オリンピアの考古遺跡

オリンピアの考古遺跡

ギリシャへの世界遺産旅行で必ず行っておきたいのが、オリンピアの考古遺跡です。
オリンピアは、4年に1度開催されるあの有名なオリンピックの発祥地として有名なところです。
現在でもオリンピックの聖火は、ギリシャのオリンピアの考古遺跡にあるヘラ神殿から運ばれています。

ギリシャ世界遺産のオリンピアまでの行き方は、首都アテネから長距離バスに乗っていく方法がありますが、たいていはアテネから出ている日帰りの観光ツアーに同乗して行くことが多いようです。
日帰りの観光ツアーはアテネの各ホテルや旅行会社から申し込むことができます。

ギリシャのオリンピアはとても小さな街で、オリンピアの考古遺跡以外は大して有名なものはありませんので、世界遺産をテーマとした日帰りツアーに参加して行くことをおすすめします。
さて世界遺産のオリンピアの考古遺跡は、のどかで美しい田園風景の中にあり、見所が満載なのでゆっくりと散策することができます。

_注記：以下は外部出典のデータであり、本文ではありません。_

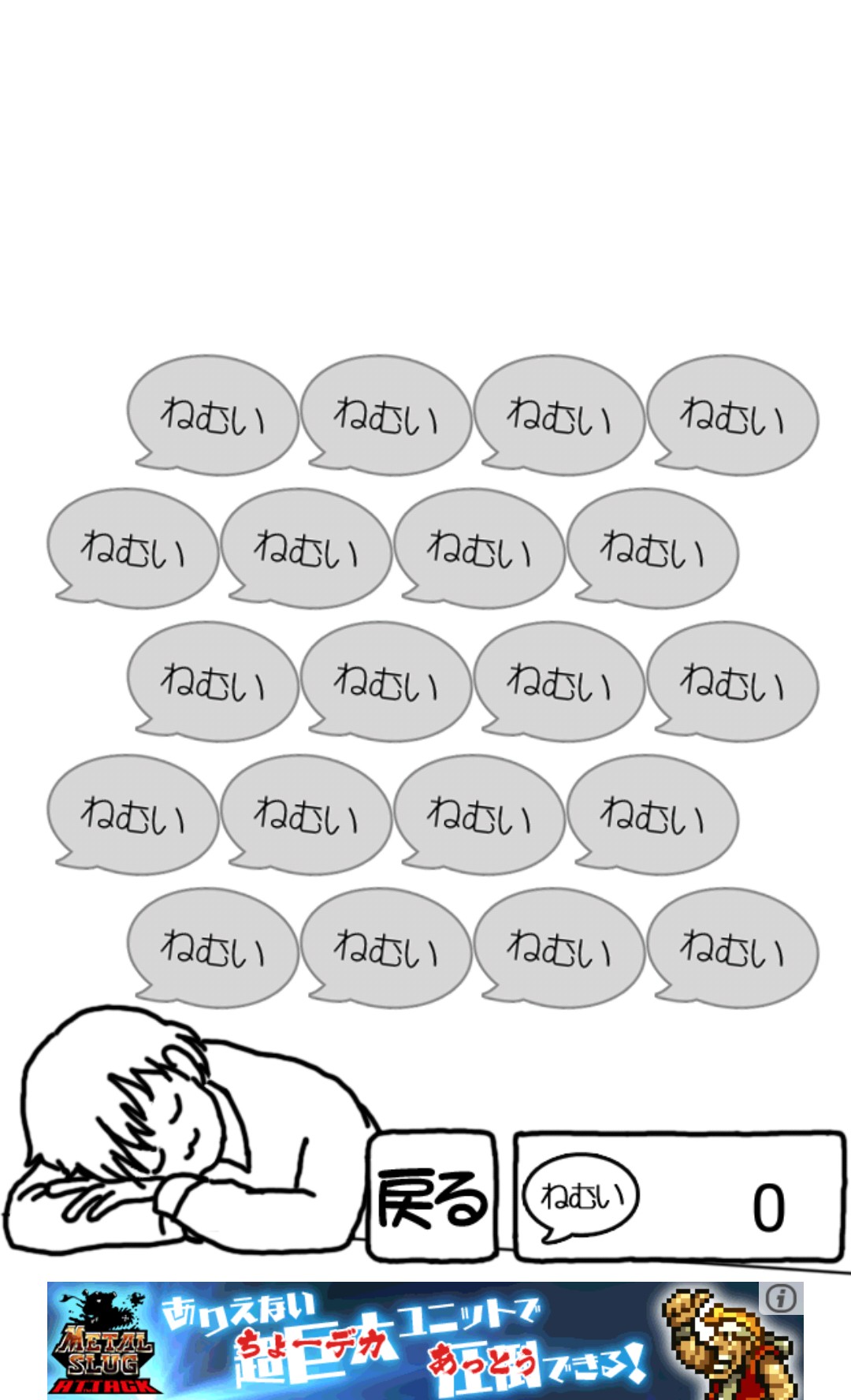 栄養ドリンクマークの「起きる」をタップすると人が眠っている画面にチェンジします。そこには「ねむい」がたっぷり。

オリンピアの考古遺跡は、そのすぐ近くにあるクロノスの丘にゼウスの父であるクロノスの神域が作られ、その後父のクロノスに代わってゼウスがオリンポス山の神となると、ゼウスを崇める巡礼地として栄えました。
その由来あってゼウス神殿やその妻ヘラの神殿が有名なところです。
ゼウス神殿は紀元前470年頃に建てられ、それまでは祭壇を聖域としていました。
現在は柱の土台だけが残されており形は残っていませんが、アテネのパルテノン神殿に匹敵するほどの大きな神殿だったことが柱の太さや多さで分かるでしょう。

当時この神殿の中には、金と象牙で作られた高さ13.5メートルという巨大なゼウス像が安置されていたそうです。
また神殿の彫刻の一部には有名なものが多く、現在はオリンピア博物館で見ることができます。

また、ギリシャ最古といわれるヘラ神殿も見所です。
ヘラはゼウスの妻で、現在はオリンピックの聖火の採火場でもあります。
ゼウス神殿とは異なり、柱もいくつか残されており、紀元前7世紀の面影をかいまみることができるでしょう。
この神殿から「赤子のディオニソスをあやしているヘルメスの像」が発掘され、こちらもオリンピア博物館で見ることができます。

またヘラ神殿の東側には、ゼウスの祭壇跡があります。
ここで古代オリンピックが開催されたといわれています。
またゼウスの祭壇跡のすぐ北側には給水施設跡があり、当時としては大変高度な循環水路が作られていました。

さらにその近くには、古代オリンピック競技が行われたスタジアムがあります。
紀元前4世紀頃に作られ、北側にあるクロニオンの丘が観客席だったようです。
ギリシャのオリンピアの考古遺跡に来たら、これら遺跡とここで発掘された貴重な彫刻や陶器類をオリンピア博物館で見ておきましょう。